BoomStarcuc / GeneSegNet

MIT License
14 stars 2 forks source link

Training on my own data #2

Open pakiessling opened 10 months ago

pakiessling commented 10 months ago

Congratulations on the publication!

I am interested in trying it out with my own data and I have some questions:

  1. Is the image size 256 x 256 the one you recommend?
  2. Can one also use cell border staining or is nuclei staining prefered?
  3. How exactly does my input need to be formated? Just Spot X,Y, ground truth and staining images?
  4. Any recommendation on generating the ground truth masks? Did you just use another segmentation algorithm for this?

Thank you!

BoomStarcuc commented 10 months ago

Hi

Thank you so much for your kind words and interest in our work!

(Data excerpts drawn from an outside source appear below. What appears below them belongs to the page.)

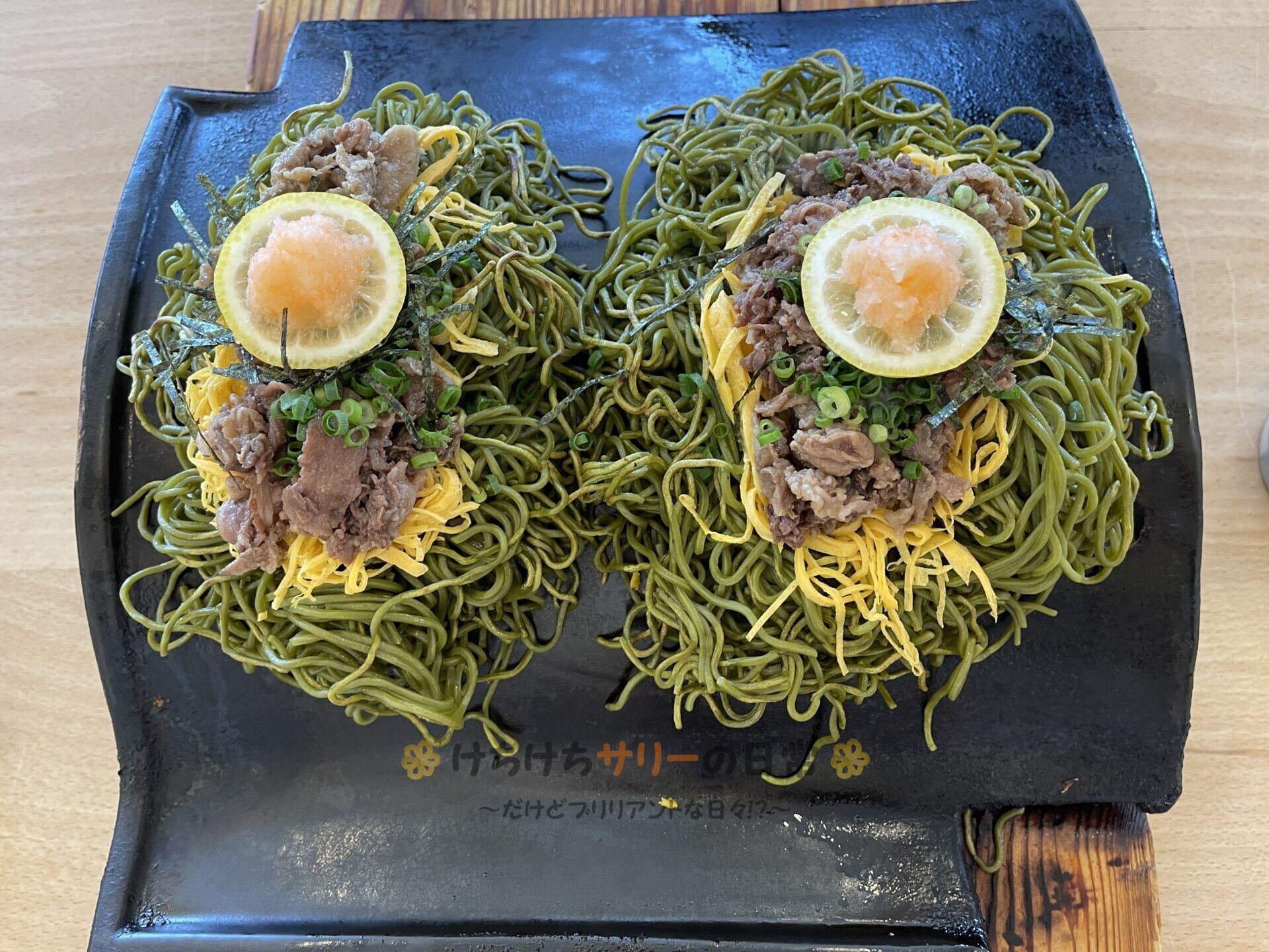 瓦そばっていうのは熱い瓦の上でパリパリ焼いた茶そばを温かいだしにつけて食べる料理で、麺の上に載っているレモンとか大根おろしをだしの中に入れて楽しむんだって📝
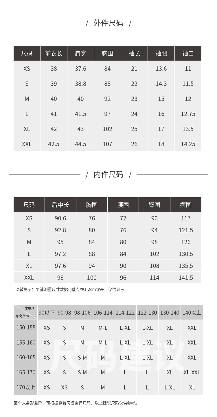 China (cm) 160-165/84-86 165-170 / 88-90 167-172 / 92-96 168-173 / 98-102 170-176 / 106-110
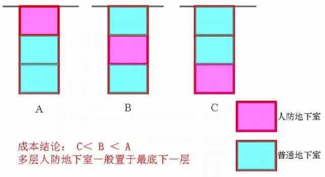 多层人防地下室的合理位置:
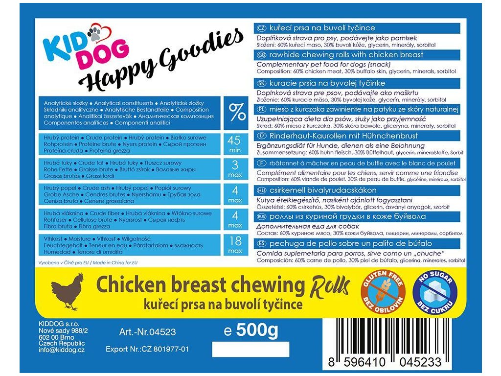 KIDDOG kuřecí prsa (lízátko) na buvolí tyčce 500 g
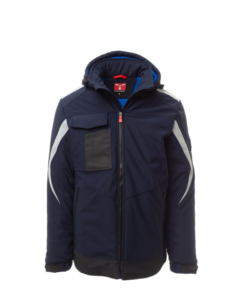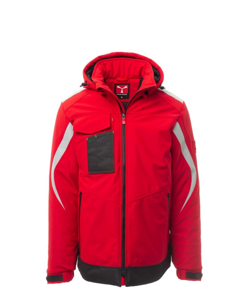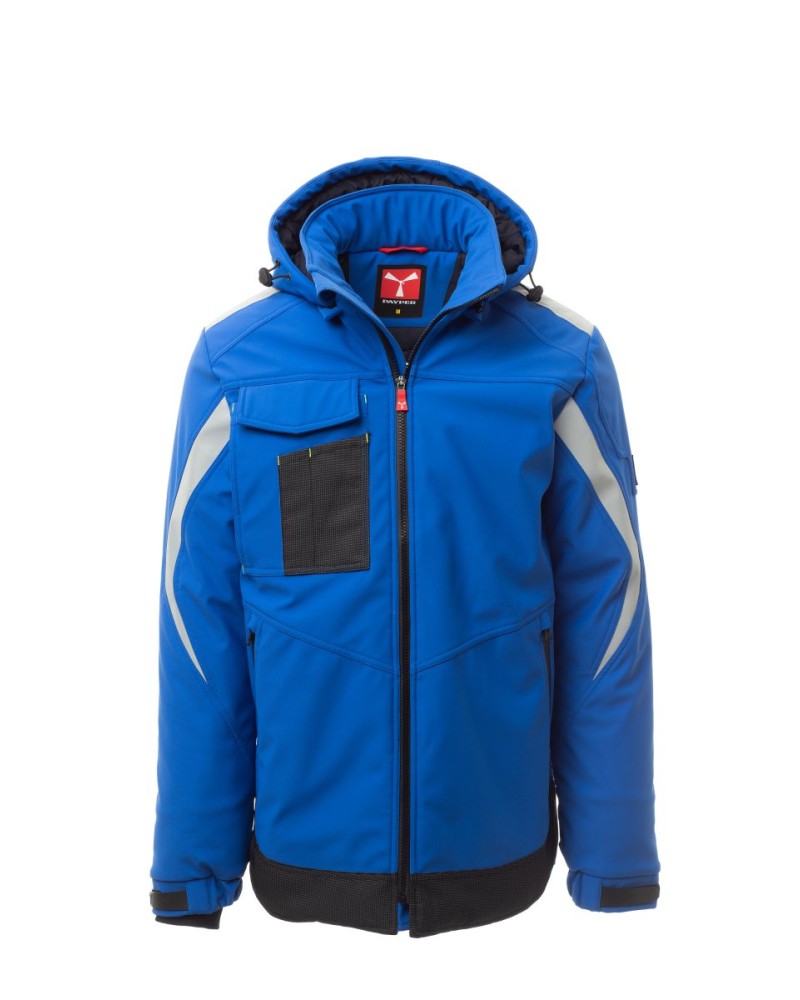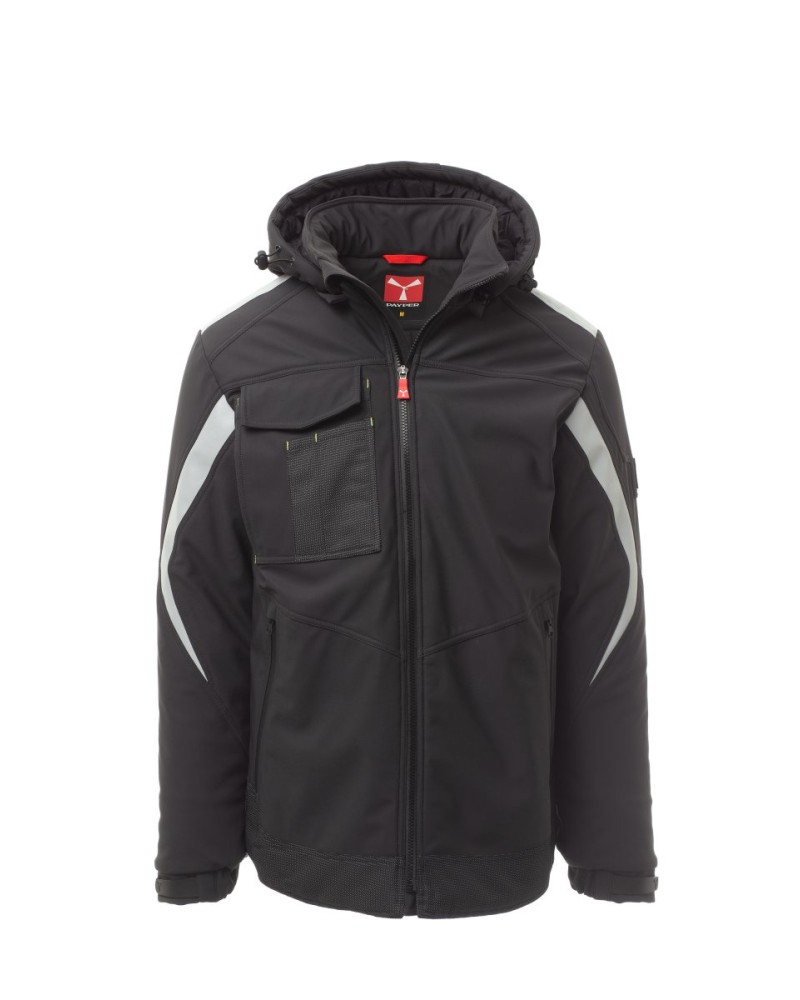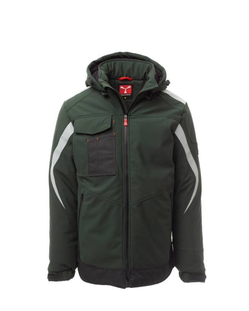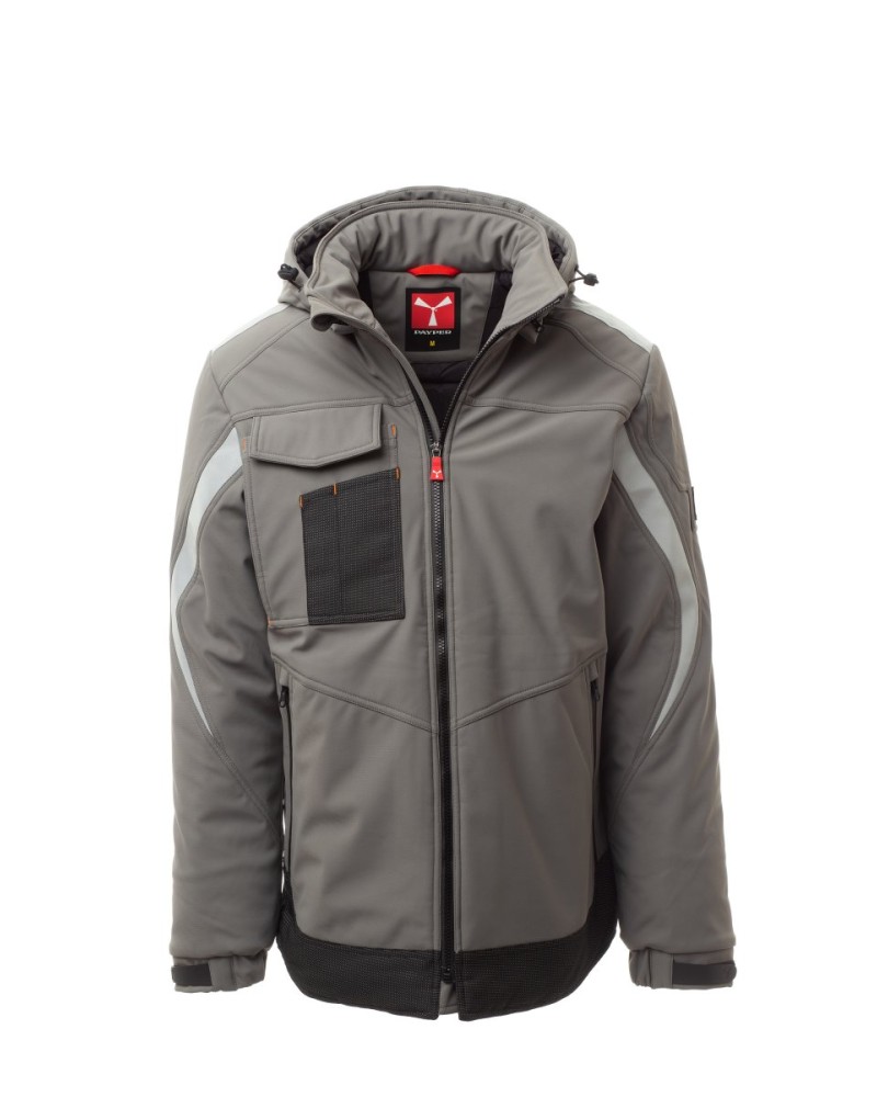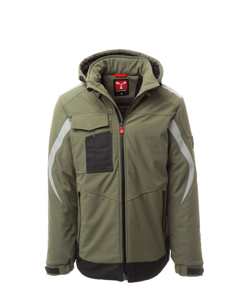 WP 8000 mm H₂O, WVT 5000 g/m² 24h. Podložena jakna softshell za moške z zapenjanjem na zadrgo SBS s kovinskim drsnikom za »polavtomatsko zapenjanje« in z jezičkom zadrge po meri. Snemljiva kapuca z vrvico za reguliranje. Odsevni trak na ramenih in rokah. Elastični patent na zapestju, nastavljiv z ježkom in notranji zapestni patent. Prsni žep s sistemom Lock System z zavihkom nosilcem značkein nosilcem za pisalo. Dva stranska žepa z zapenjanjem na zadrgo in prevlečenim trakom. »Varnostni« element na hrbtni strani z notranjim odsevnim logotipom, zapenjanje s prevlečeno zadrgo. Dva notranja žepa, od katerih je prvi nosilec za tablični računalnik, ki se zapenja na ježka in drugi oblikovan z zadrgo na desni strani prsnega koša. Nastavljiv spodnji del s prilagojenimi zateznimi elastikami. Črtkasta tkanina z odsevnim učinkom.

To address your questions:

  1. Yes, we recommend an image size of 256 x 256 as this is the dimension we conducted all experiments. However, you might experiment with different sizes depending on the specifics of your data. To generate different image sizes, please modify the following preprocess codes: https://github.com/BoomStarcuc/GeneSegNet/blob/d8ce4302fc5da880b6322e2d0ac821ad7fa58f5b/preprocess/Generate_Image_Label_locationMap.py#L167-L176

  2. We primarily used nuclei staining in our experiments as we aimed to predict cell boundaries using nuclei staining images combined with gene expressions as input. Although not explicitly tested in our study, our model is adaptable and can process various types of images, such as cell border staining or a combination of nuclei and cell border staining images. It's essential, however, that the image adheres to a standard image format. Furthermore, if you opt for different types of inputs, you might need to adjust the 'chan' parameter within the network to match the number of your input channels. For more details, please refer to the "chan" parameter in the “Training from scratch” section.

  3. Please see the Data preprocess section to process your own data. Yes, initially all you need as input data are gene expressions (Spot x, Spot y, and gene), staining image, and training annotations. Here, if you do not have the gene info, please ignore the info since the gene info only is used on RNA-based methods, such as Baysor and JSTA.

  4. For the datasets we used in our paper, the annotations in the Hippocampus and NSCLC datasets are downloaded from their official website and the annotations in the simulation dataset are generated by a toolbox (see link: https://cbia.fi.muni.cz/simulator/). If you want to generate annotations in your real data, I have followed several recommendations: (1) Completely manual annotation. While it is time-consuming, manual annotation can get good results. (2) Combination of pre-trained models of existing cell segmentation algorithms and manual correction. First, run all your images on the pre-trained model, and then manually correct incorrect cell segmentations.